Weekend discharge not linked to increased readmission

July 12, 2015

Weekend discharge not linked to increased readmission
(HealthDay)—For patients with acute myocardial infarction (AMI), congestive heart failure (CHF), and pneumonia, weekend discharge is not associated with 30-day readmission, according to a study published online June 30 in the Journal of Hospital Medicine.

Jordan M. Cloyd, M.D., from Stanford University in California, and colleagues used the 2012 California Office of Statewide Health Planning and Development database to examine the impact of weekend on 30-day hospital readmission rates. Data were included for 266,519 patients with AMI, CHF, or pneumonia, of whom 22.5 percent were discharged on a weekend.

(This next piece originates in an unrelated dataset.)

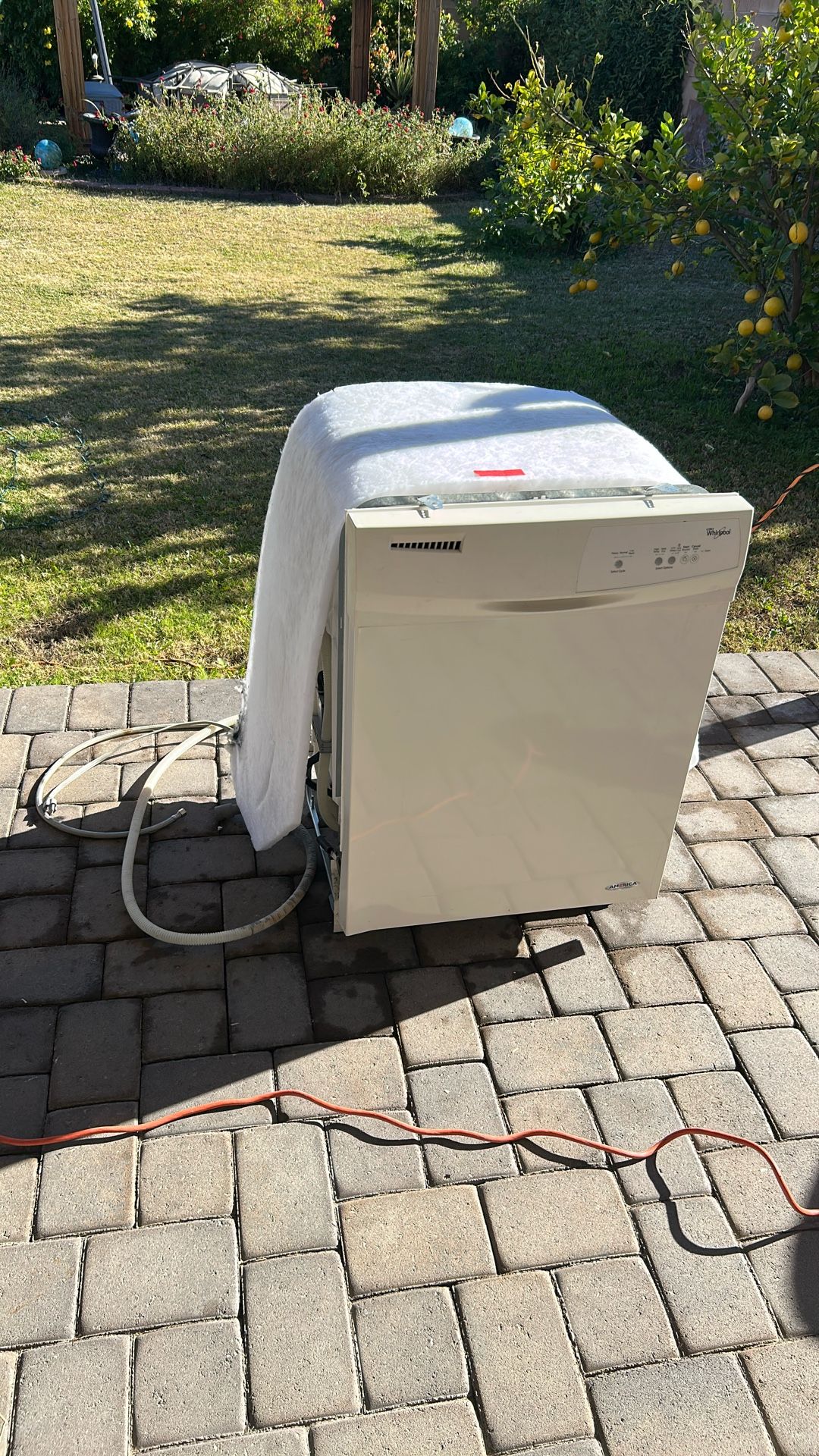 White dishwasher in a good condition, electric cord, water, hose, and dishwasher hose included. Helping to sell it for my friends he reported that dishwasher was working prior to removing from his house.

The researchers observed similar unadjusted 30-day hospital readmission rates for weekend and weekday discharges (AMI: 21.9 versus 21.9 percent; CHF: 15.4 versus 16.0 percent; pneumonia: 12.1 versus 12.4 percent). Weekday discharge correlated with longer length of stay and more frequent discharge to a skilled nursing facility. There was no association for weekend discharge with readmission in multivariable logistic regression models (AMI: odds ratio [OR], 1.02; 95 percent confidence interval [CI], 0.98 to 1.06; CHF: OR, 0.99; 95 percent CI, 0.94 to 1.03; and pneumonia: OR, 1.02; 95 percent CI, 0.98 to 1.07).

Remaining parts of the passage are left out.